Cybersecurity legislation usually is not a black-and-white matter of democratic systems vs. non-democratic ones. For instance, both the Australian tech industry and its civil society believe that they were not properly consulted with on the implications of the far-reaching Assistance and Access Act[ii], while Chinese internet giants may have in fact helped push back the most contentious restrictions of the much criticized Chinese Cybersecurity Law[iii].
It would make little sense to discuss the Chinese Cyber Security Law, the Australian Assistance and Access Act, Russian SORM package, or any other similar legislation around the world without a deeper knowledge of the inner workings of the respective countries’ political, legal and judicial systems; of the interplay between their internet businesses, users and regulators; of domestic data governance practices and cultures; and without studying the broader sociopolitical context. Some or all of these actual practices might be opaque, controversial, contextual, and even not entirely visible to an external observer – and it often takes a lifetime of study to understand them properly.
It is thus not surprising that among the many commentators on cybersecurity legislation there are very few actual experts – they’re a rare breed; also, their articles rarely make catchy headlines of the ‘us against them’ type. What we see in the policy-making field – at least in public – is, unfortunately, neither rigorous expert debate, nor genuine effort to understand the nuances of the cybersecurity regulation of other countries.
When a top-ranking US official says that ‘the problem lies with foreign tech companies that are subject to government demands without the visibility or appeal process that exists in the United States[iv]’ – he is likely seeking justification of a political decision, not an understanding of foreign realities.
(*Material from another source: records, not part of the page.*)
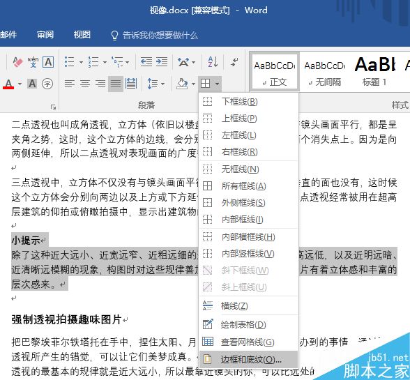 首先打开纯文字的文档,小编所用的示例中,文中的小提示内容完全可以与正文有所区别,所以小编决定为此段落添加边框进行装饰。选取要进行装饰的文字段落,然后在"开始"选项卡的"段落"中,点击"边框"右侧的下拉按钮,从弹出的下拉列表中,选择"边框和底纹"。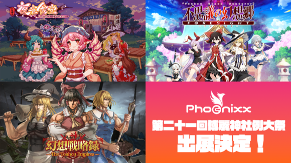 【Phoenixx】例大祭出展情報!大注目の東方ファンゲーム3タイトル試遊出展&グッズ販売決定!!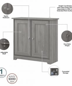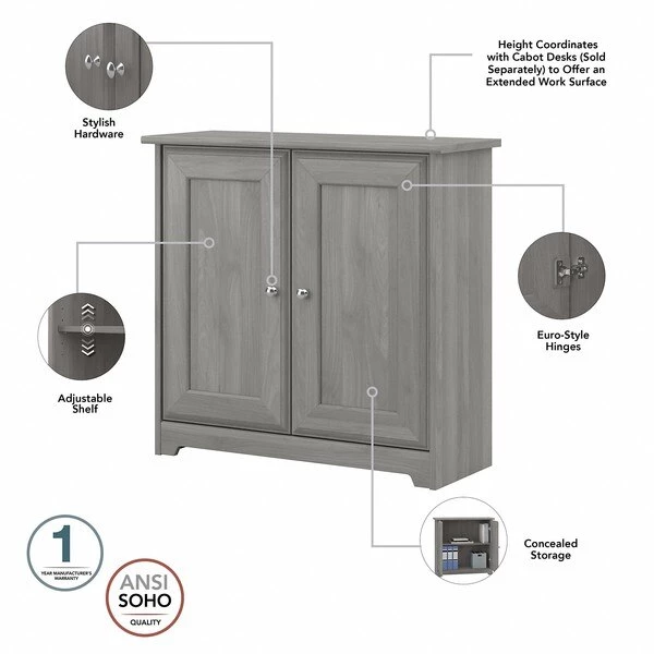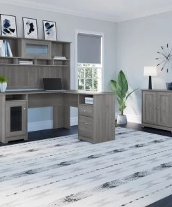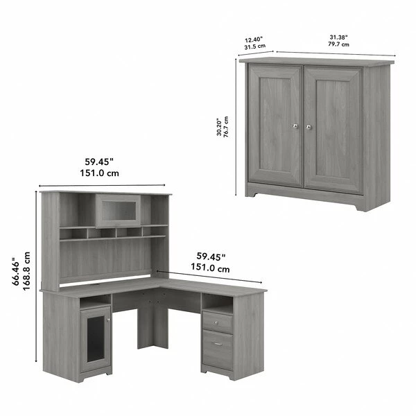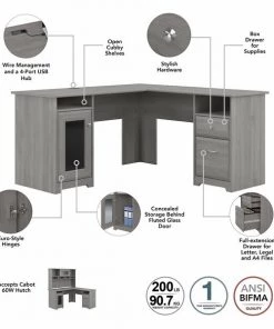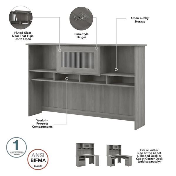 The stylish and functional Bush Furniture Cabot L Shaped Desk with Hutch and Small Storage Cabinet offers a spacious work area for your home or office. Enjoy a beautiful traditional look with smart features. The L Shaped Desk design provides a large durable work surface and storage details including an enclosed cabinet with stylish fluted glass door, a box drawer for supplies and a full-extension file drawer gliding on smooth ball bearing slides for an easy reach to the back. Technology features such as a built-in 4-port USB hub add convenience. The Hutch boasts a matching fluted glass door, large open compartments and four work-in-process areas to help keep your desk surface clutter free, along with a wire management system to control your cables. The Small Storage Cabinet with Doors offers a stylish approach to organizing books, personal items or supplies. Keep everything in order and out of sight with an adjustable shelf to accommodate items of varying sizes. The small cabinet matches desk height to create an extended work surface. Choose from a wide variety of contemporary and traditional finishes with stylish hardware for a simple, elegant and timeless appearance. See the full collection for coordinating items, . This home office set meets ANSI/SOHO standards for safety and performance.

This position does not suggest that there are numerous avenues for companies across the globe to protect their turf from governments’ interference, address their concerns to regulators, and appeal government decisions – even if the process does not look like the one in the US. More specifically, this public position downplays the fact that even deciding whether a company is subject to specific legislation is not always as straightforward as it may seem, as Dr. Kaj Hober’s analysis of Kaspersky’s legal obligations in Russia has amply demonstrated[v].
As we have long argued, there should be better ways to assess the risk profile of a global technology supplier than the country of its origin – and our continuous efforts in our Transparency Initiative are one example of this approach. Unfortunately, when a country’s legal system is deemed a threat in its own right – especially when it conveniently fits the current geopolitical narrative – there is very little room for constructive expert dialogue and debate.
PS: For those who were wondering: Country X is Australia, and Country Z) is the Socialist Republic of Vietnam. Kaspersky has been engaged in consultations on legislation in both countries.
[i] The Enduring Connections Between Law and Culture: Reviewing Lawrence Rosen, Law as Culture, and Oscar Chase, Law, Culture, and Ritual. Paul Schiff Berman, George Washington University Law School, 2009.
[ii] “It’s faux democracy”: Decryption bill backlash continues. Edward Pollitt, Australia Computer Society, October 23, 2018.
[iii] Testimony of Samm Sacks, Cybersecurity Policy and China Digital Economy Fellow to the Senate Committee on Commerce, Science, and Transportation’s Subcommittee on Security. New America
March 7, 2019.
[iv] DHS official sounds alarm on authoritarian states ‘operationalizing their tech sectors’. Sean Lyngaas, Cyberscoop, April 5, 2019.
[v] Report of Prof. Dr. Kaj Hober. January 31, 2019.